Either way, the medication has a hard-hitting effect, as Peter describes it.  She said she experienced a "second puberty" at the age of 30.

"I can no longer lift the weights that I lifted as a man. I was shocked how big the difference is. Without testosterone, I'm much weaker," she explained. "By all measures, I'm not stronger or faster than my female peers."

Fabienne Peter, Transfrau & Eishockey-Spielerin EHC Basel
Fabienne Peter made history when she in 2018 officially became the first transwoman in Swiss ice hockey.Image: Madeleine Retif Photography

"That should be enough," Dr. Birgit Braumueller from the German Sport University Cologne, told DW. "When you go through the treatment, you follow all the rules and you meet the IOC-threshold, the debate should be settled." 

So why do transgender athletes still struggle for acceptance?

Total equality illusory

Braumueller researched gender identities and found that especially in sports, transgender people are often discriminated against. In the Europe-wide Outsport study, 95% of respondents from the LGBTQ said that sports had a problem with transphobia. Even worse, 40% of trans athletes active in sports in the 12 months prior to the study, experienced verbal abuse, discrimination, threats or physical violence.

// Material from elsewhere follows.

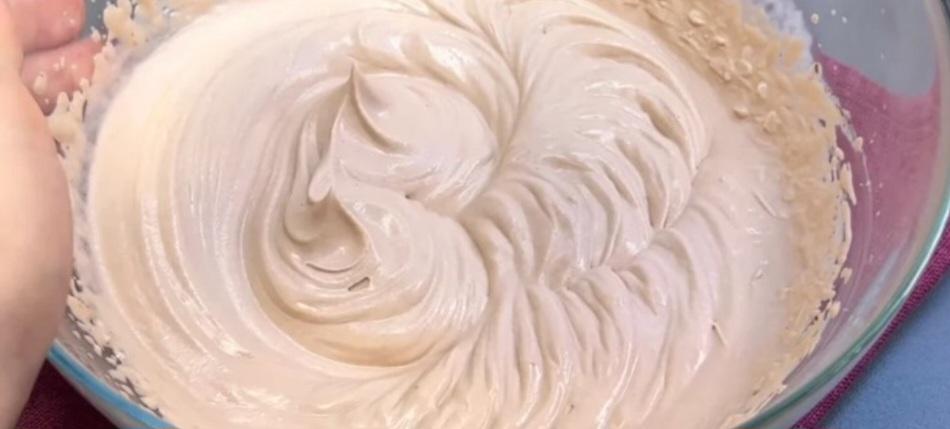 У чисту миску наливаємо вершки, додаємо цукрову пудру та шоколадну пасту, збиваємо міксером.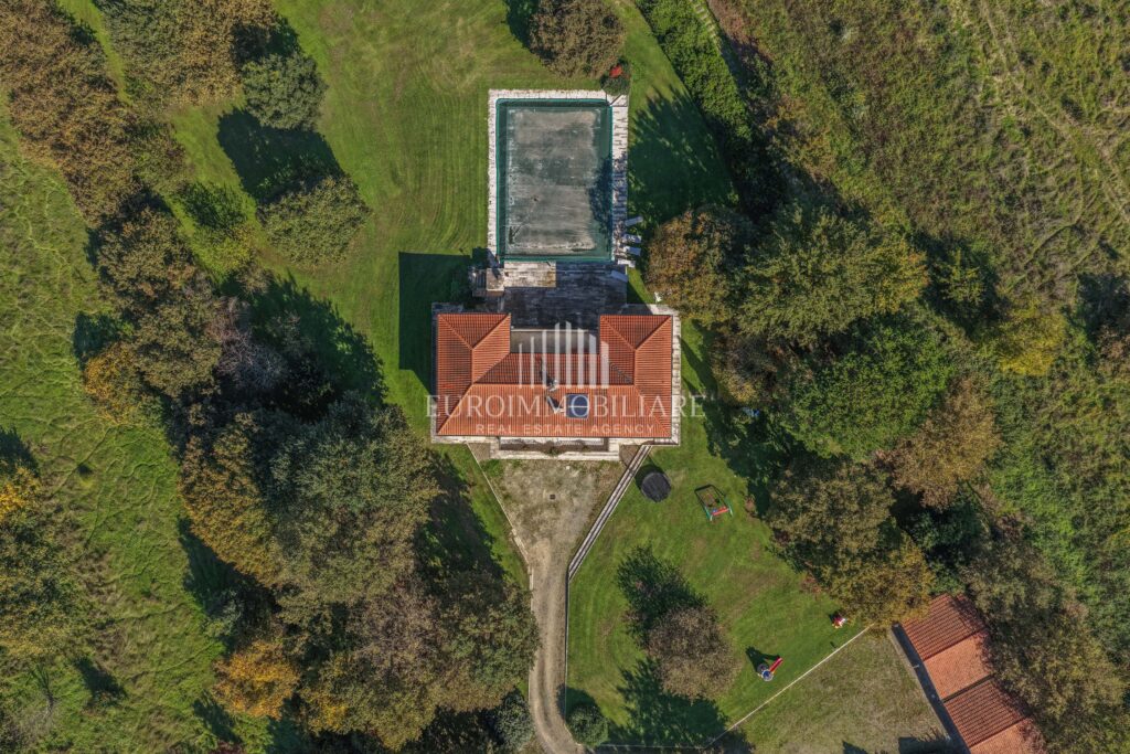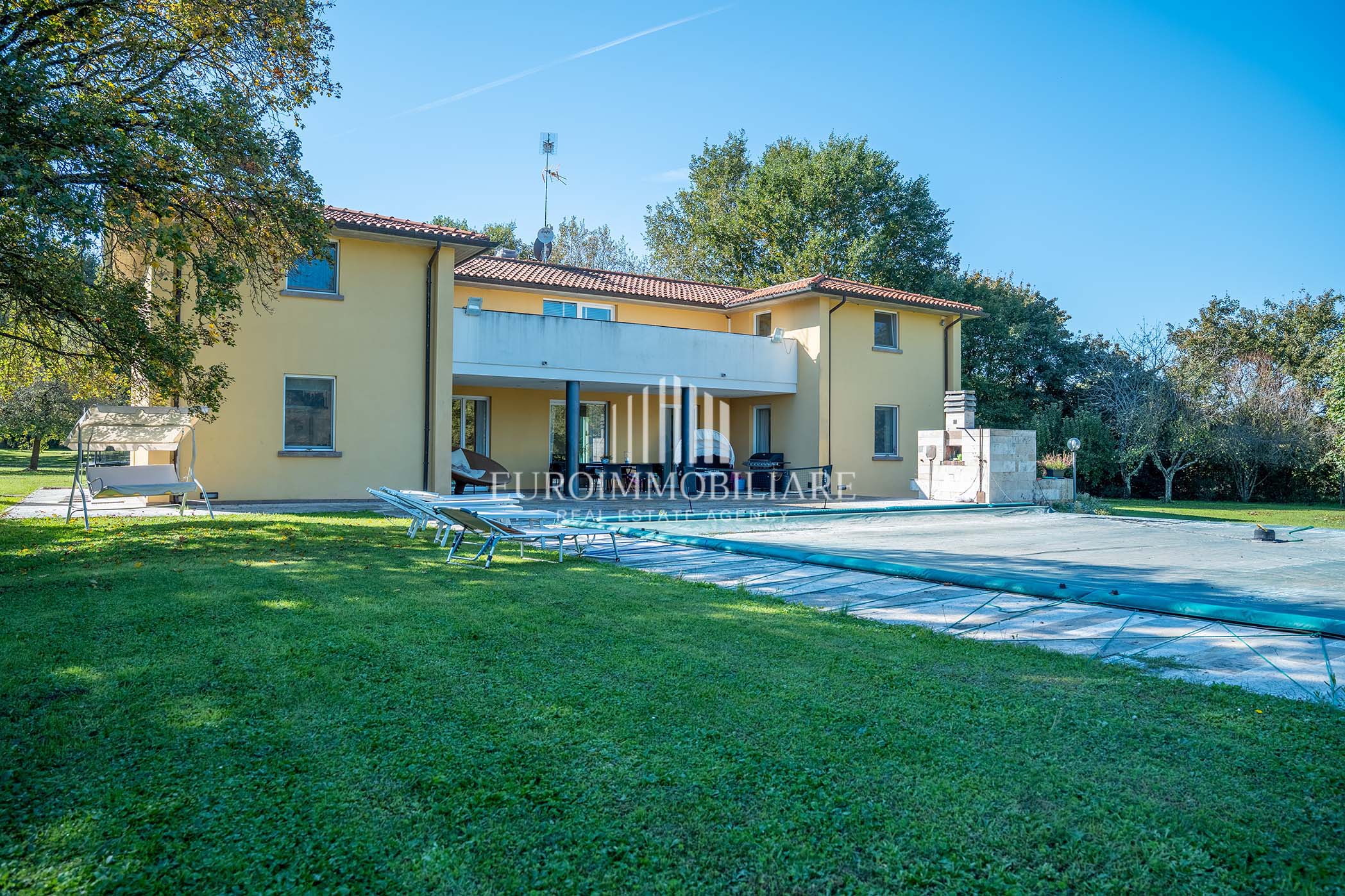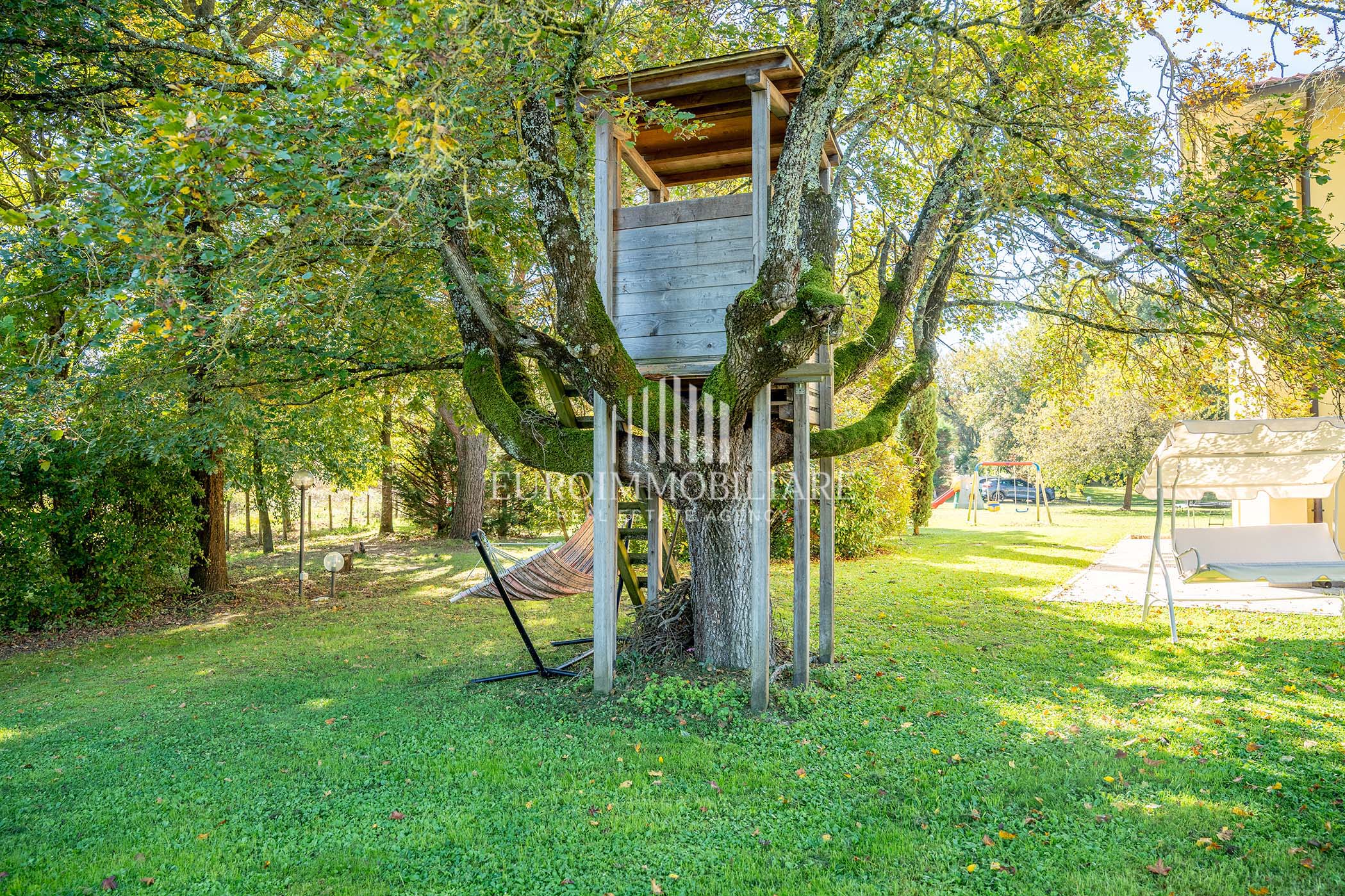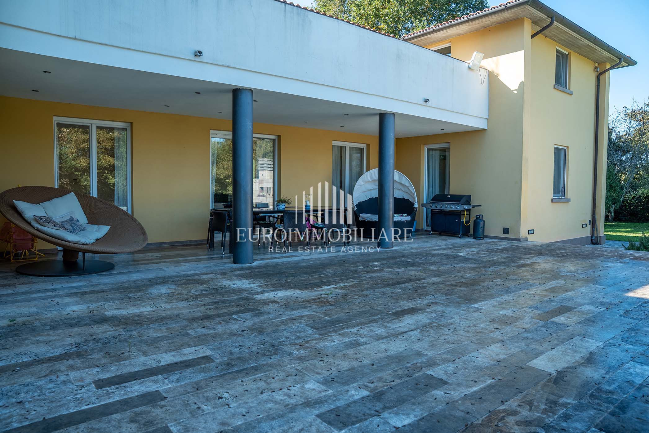 Villa di prestigio situata nella raffinata cornice di Quarata, alle porte di Arezzo, immersa nel fascino autentico delle terre toscane. Gli spazi interni sono eleganti, luminosi e curati nel dettaglio: al piano terra si sviluppano la zona living con salone, sala da pranzo e cucina, oltre a due camere e relativi servizi. Il piano superiore accoglie la zona notte principale, organizzata in ambienti distinti e concepiti per garantire privacy e massimo comfort, con camere dotate di bagno privato, guardaroba e ambienti dedicati al wellness, oltre a una grande terrazza panoramica affacciata sulla piscina e collegata al porticato.

According to Braumueller, the question of fairness doesn't really apply, as "total equality in sports is illusory anyways. There’s always someone who somehow has a physical advantage, like a Usain Bolt or Michael Phelps. So why is it such a problem with trans athletes?”

While science needs to further its research, the obvious findings for transphobia are there. Fabienne Peter knows all about them, although it hasn't been much of a problem for her personally.

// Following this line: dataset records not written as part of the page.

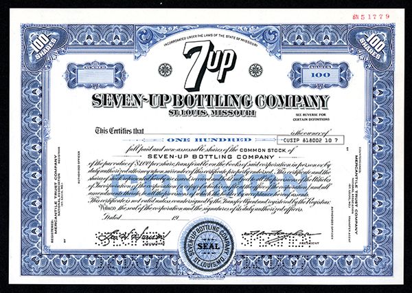 Seven-Up Bottling Co. 1977 Specimen Stock Certificate. St.Louis, Missouri. 100 Shares, Specimen stock, blue border. "7 Up" logo. Scarce certificate. XF condition. Republic BNC.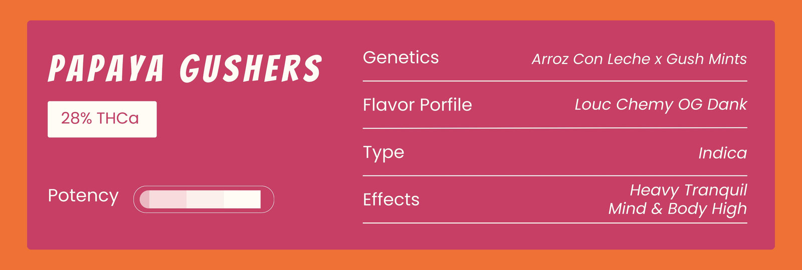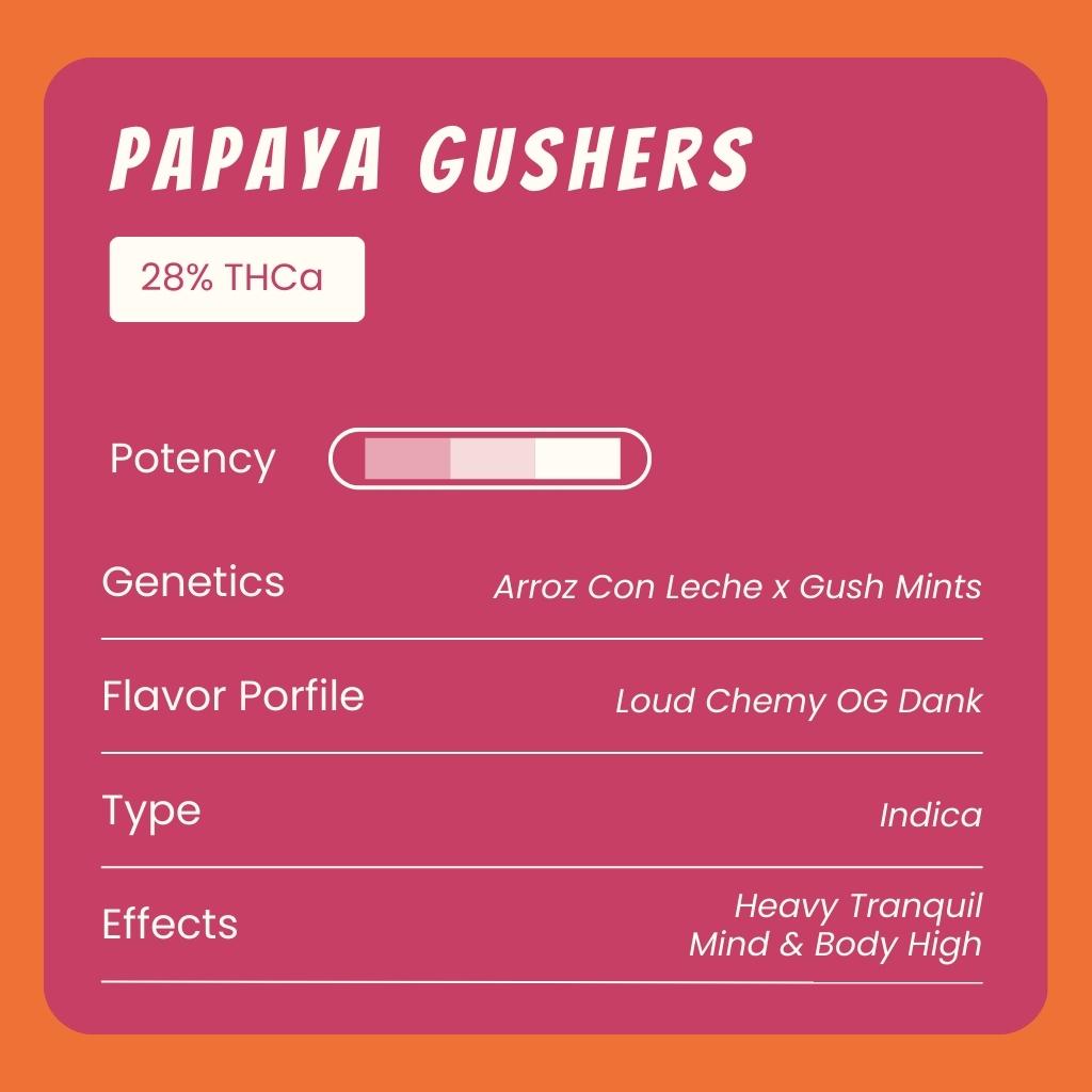 Papaya Gushers, a cross of Arroz Con Leche x Gush Mints, delivers that loud, chemy OG dank. This flavorful indica delivers a heavy, tranquil mind & body high, ideal for evening chill sessions or easing into a restful night.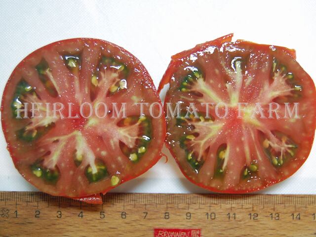 ◆『Dwarf Tomato Project ドワーフ(矮性品種)・トマト・プロジェクト』によって "New Big Dwarf'" と"Paul Robeson'"の交配によって作出された幾分フラット(扁平)なディープ・マホガニー。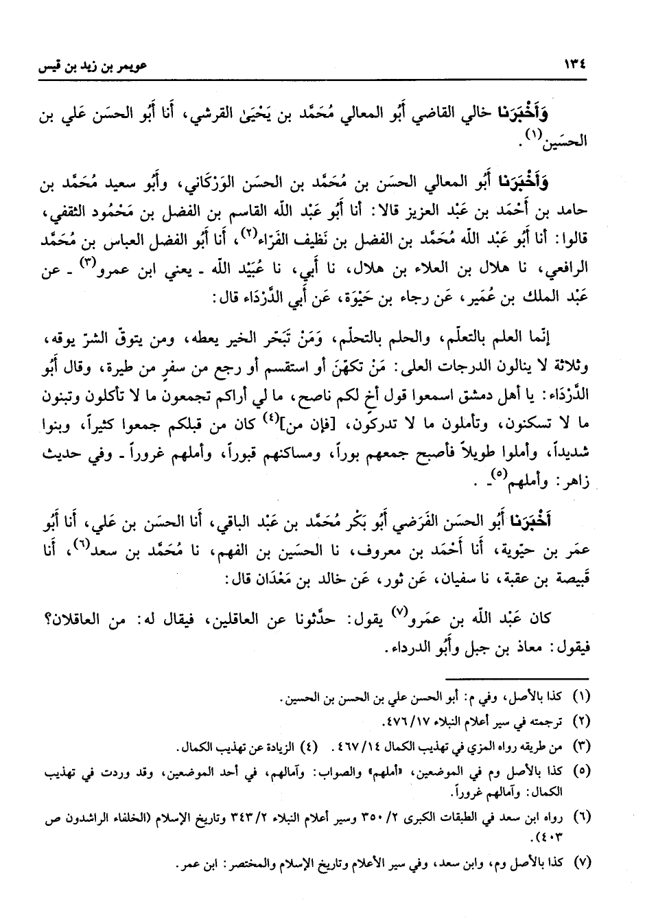 وأخبرنا خالي القاضي أبو المعالي محمد بن يحيى القرشي أنا أبو الحسن علي بن الحسين وأخبرنا أبو المعالي الحسن بن محمد بن الحسن الوركاني وأبو سعيد محمد بن حامد بن أحمد بن عبد العزيز قالا أنا أبو عبد الله القاسم بن الفضل بن محمود الثقفي قالوا أنا أبو عبد الله محمد بن الفضل بن نظيف الفراء أنا أبو الفضل العباس بن محمد الرافعي نا هلال بن العلاء بن هلال نا أبي نا عبيد الله يعني ابن عمرو عن عبد الملك بن عمير عن رجاء بن حيوة عن أبي الدرداء قال إنما العلم بالتعلم والحلم بالتحلم ومن تبحر الخير يعطه ومن يتوق الشر يوقه وثلاثة لا ينالون الدرجات العلى من تكهن أو استقسم أو رجع من سفر من طيرة وقال أبو الدرداء يا أهل دمشق اسمعوا قول أخ لكم ناصح ما لي أراكم تجمعون ما لا تأكلون وتبنون ما لا تسكنون وتأملون ما لا تدركون فإن من كان من قبلكم جمعوا كثيرا وبنوا شديدا وأملوا طويلا فأصبح جمعهم بورا ومساكنهم قبورا وأملهم غرورا وفي حديث زاهر وأملهم أخبرنا أبو الحسن الفرضي أبو بكر محمد بن عبد الباقي أنا الحسن بن علي أنا أبو عمربن حيوية أنا أحمد بن معروف نا الحسين بن الفهم نا محمد بن سعد أنا قبيصة بن عقبة نا سفيان عن ثور عن خالد بن معدان قال كان عبد الله بن عمرو يقول حدثونا عن العاقلين فيقال له من العاقلان فيقول معاذ بن جبل وأبو الدرداء

"While I had a good experience and feel very much integrated, many others might be tolerated, but never really accepted," she said.

Laura Hubbard a sign of hope

In Peter's view, Laura Hubbard will go down in history whether she comes home from Tokyo ith a medal or not. Her participation alone "leads to a lot of positive things. It is, of course, a clear sign of empowerment and it is likely to release fears in many trans people."

The problem, she said, is less with trans athletes, and more with a system that is still stuck in heteronormative structures and thus excludes certain groups of people.

"But sports is for everybody," Peter stressed.

For now, the IOC is sticking with its current regulations. Originally, the guidelines were to be tightened before the Tokyo Olympics, but by the end of 2019, the convened panel of scientists failed to find consensus.

Scientists had been expected to recommend cutting the allowed levels of testosterone for trans women competing in elite sports by half to "to protect inclusivity, safety and fairness in sport."

But, because of scientific disagreement, political clashes and out of sensitivity to the impact new rules would have had on the Olympics, they postponed their decision.

Without the proper framework IOC's medical and scientific director, Richard Budgett, called a rushed decision "neither ethically nor legally admissible,"

The IOC will still have to find one, even more so after Hubbard takes the Olympic stage.

"But hopefully they work something out with trans athletes and not without them," Peter said.

In case Hubbard does win a medal in Tokyo, Peters has some advice for her: "You’ll have won it fair and square. You’ll have followed all the rules and most importantly you’ll have worked very hard for it. So go out and enjoy it!"